▶ _WHAT IS NEEDED_: Please repeat the data exactly. Any picture in it stays out.

▶ _THE RECORDS_:

╭──

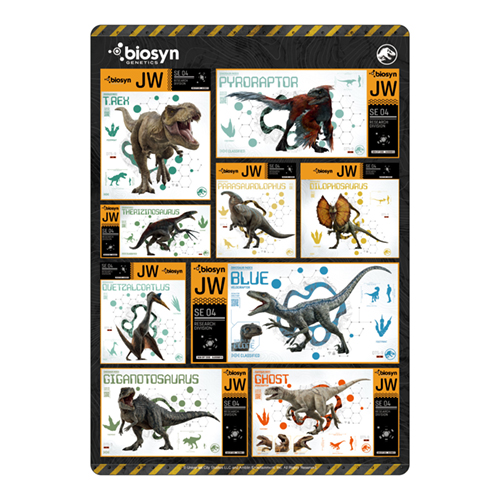 今回登場の主な恐竜たちと、劇中シーンをちりばめた4種類がセットに。
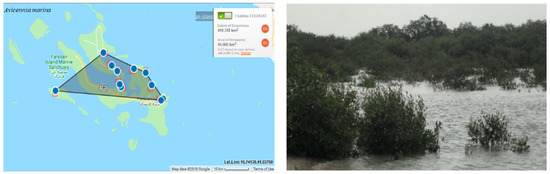 Geographical distribution of Avicenna marina in the Farasan Archipelago (plant photo by R. Al-Qthanin from Faranan Alkabir Island).
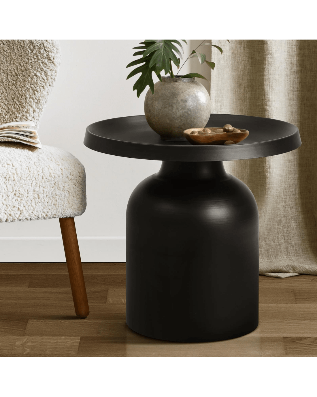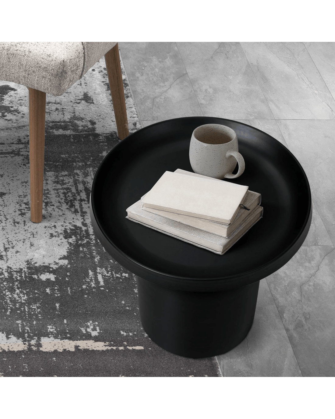 Oikiture Coffee Side Table Round Bedside Sofa Tea End Tables Steel Metal - Black
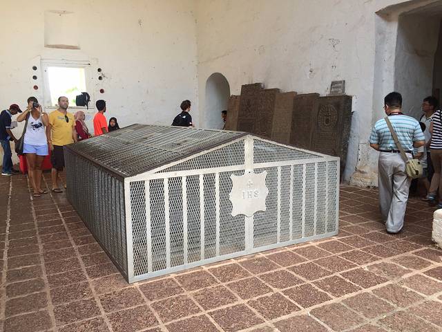 教堂的中间,有这么一个铁笼子,走进一看,是个地窖的封口,里面是古时候用来关押犯人的。
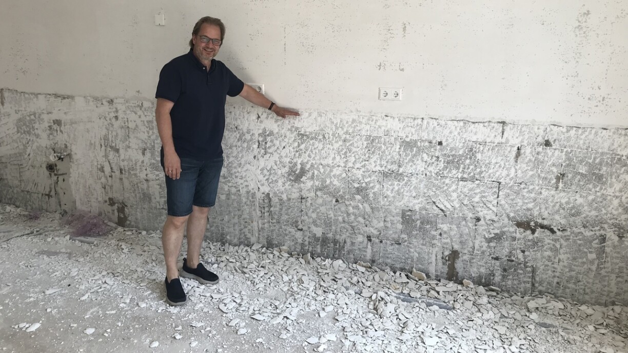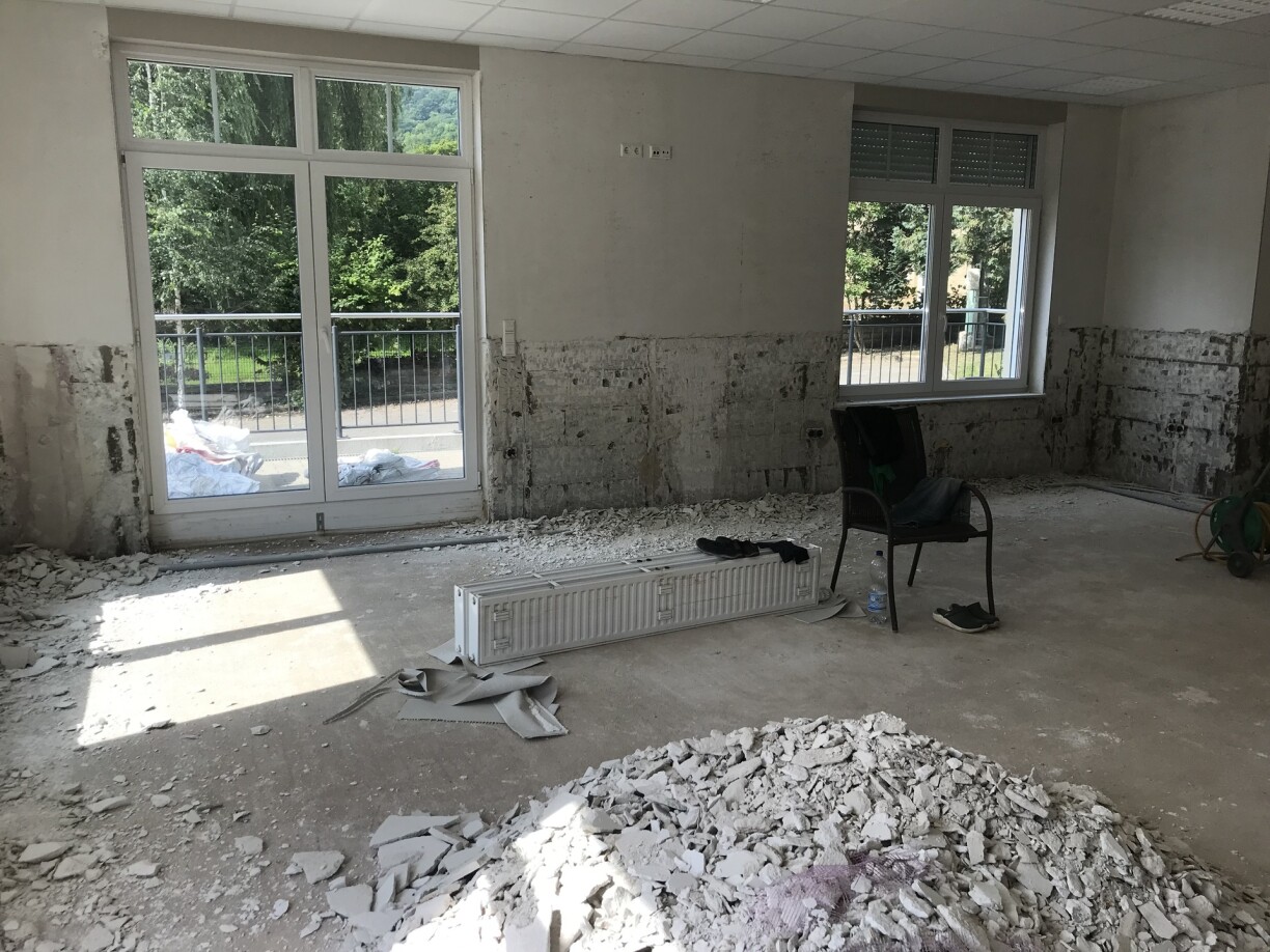 De Buedem huet sech gehuewen, den Estrich an d'Plättercher si futti. 3 bis 4 Méint muss den Atelier zoubleiwen.

╰──

▶ _SOLUTION TO THE EXERCISE_:
 今回登場の主な恐竜たちと、劇中シーンをちりばめた4種類がセットに。
 Geographical distribution of Avicenna marina in the Farasan Archipelago (plant photo by R. Al-Qthanin from Faranan Alkabir Island).
 Oikiture Coffee Side Table Round Bedside Sofa Tea End Tables Steel Metal - Black
 教堂的中间,有这么一个铁笼子,走进一看,是个地窖的封口,里面是古时候用来关押犯人的。
 De Buedem huet sech gehuewen, den Estrich an d'Plättercher si futti. 3 bis 4 Méint muss den Atelier zoubleiwen.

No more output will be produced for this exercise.